Malaysian dancer and choreographer

Datuk Ramli bin Ibrahim (born 20 May 1953) is a Malaysian choreographer and classical odissi dancer. He founded the Sutra Dance Theater as well as the Sutra Foundation to encourage people to learn various traditional dances. In 2018, the Government of India awarded him the Padma Shri for his contribution to Odissi.

== Early life and education ==
Ramli Ibrahim was born in Kajang, Selangor to Ibrahim bin Haji Mohmmad Amin, a school teacher, and Kamariah, a secretary of the United Malays National Organisation Women's Movement. He was raised in a liberal Muslim family. In an interview with The Hindu in 2016 he also claimed to be a singer.

Ramli studied mechanical engineering at the University of Western Australia. While he was there, he also joined and studied at the Australian Ballet School in Melbourne. At the same time, he met Chandrabhanu (Zamin Haroon), another Malaysian Islamic classical dancer using the Hindu name of Chandrabhanu.
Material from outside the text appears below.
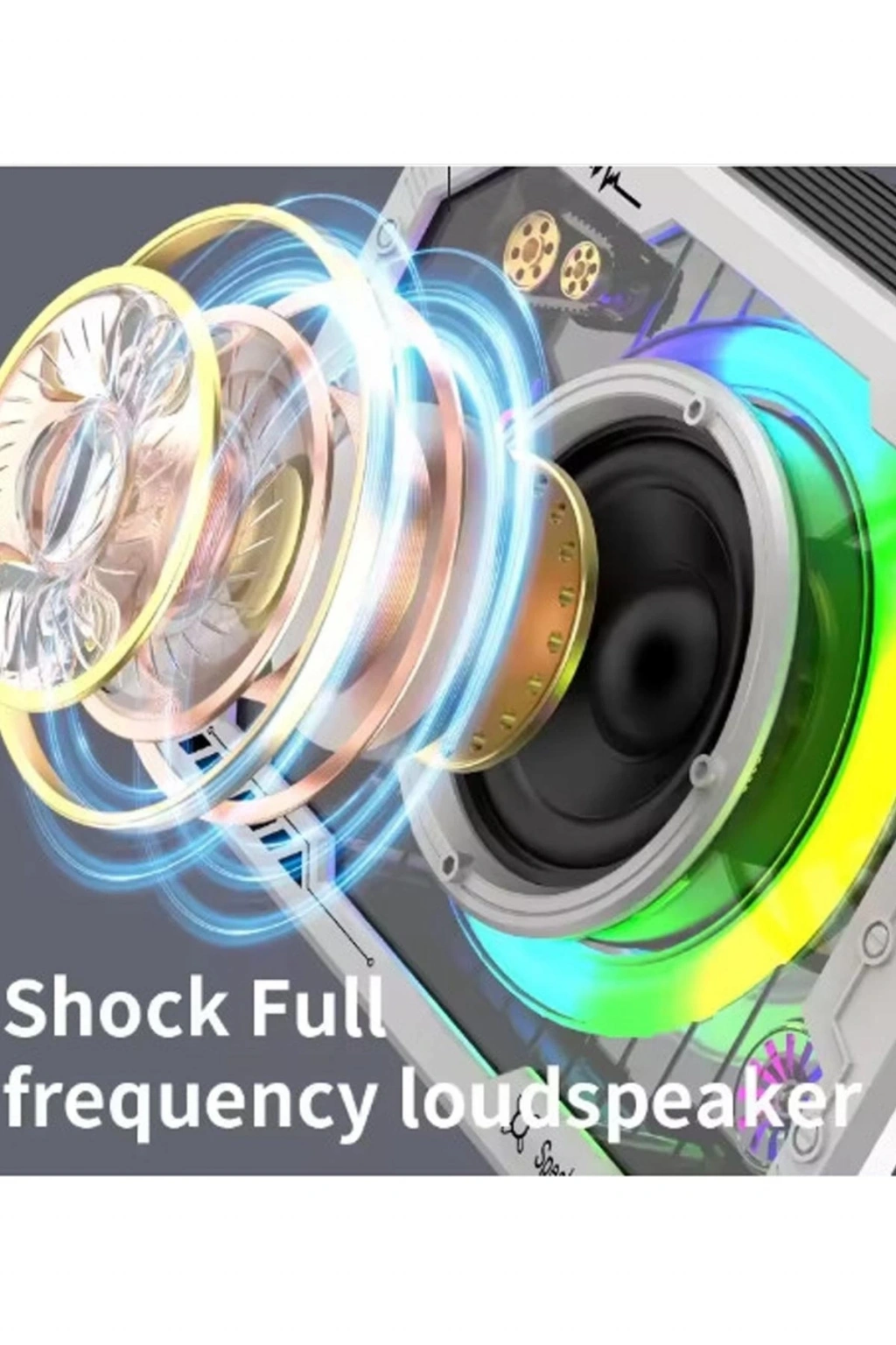 Şeffaf Mecha Müzik Tws Stereo Rgb İşıklı Hoparlör Kablosuz Bluetooth 5.0 Taşınabilir Hoparlör V9

He studied Bharatanatyam under Adyar Lakshman. Later, he moved to Chennai to study under Lakshman. He was taught alongside other famous dancers such as Radha Anjali and Swapna Sundari.
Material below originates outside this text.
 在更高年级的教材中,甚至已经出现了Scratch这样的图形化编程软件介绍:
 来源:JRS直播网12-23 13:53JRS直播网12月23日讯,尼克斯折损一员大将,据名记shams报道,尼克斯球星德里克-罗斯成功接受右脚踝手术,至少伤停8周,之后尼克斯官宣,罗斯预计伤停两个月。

Ramli started learning Odissi in New Delhi under Deba Prasad Das.

== Career ==
After returning to Malaysia in 1983, he established the Sutra Dance Theater in Kuala Lumpur. The theater focuses on the Malaysian art scene and strives to promote Malaysian art at the national and international level. It mainly associates itself with the Odissi dance which originated from the state of Odisha in India. In 2007, he established Yayasan Sutra in Malaysia.

== Awards ==

=== Padma Shri ===
He was awarded with the Padma Shri, one of the highest public honors for artists and others by the Government of India in 2018 for his contribution to Odissi as well as Bharathanatyam during his over 40 years of involvement. He received the honor at the Rashtrapati Bhavan from President Ram Nath Kovind while dressed in a black Baju Melayu and a songkok. In an interview with Bernama, he stated:

The award is a boost to Sutra Foundation. There will be the responsibility of rising up to the expectation of people who think that this award brings automatic success. I hope the award will help to foster more bilateral cultural links between Malaysia and India. What is even more important is that our initiatives are not motivated by political or economic agendas but for the love of Indian arts.
— Datuk Ramli bin Ibrahim, New Straits Times, 3 April 2018

=== Other awards ===
- Fulbright Distinguished Artist Award (1999)
- Angarag Lifetime Achievement Award (2006)
- Purush Award (2009)
- Ram Gopal Best Male Dancer Award (2011)
- Snageet Natak Academy Award
- Distinguished International Artist Award (2011)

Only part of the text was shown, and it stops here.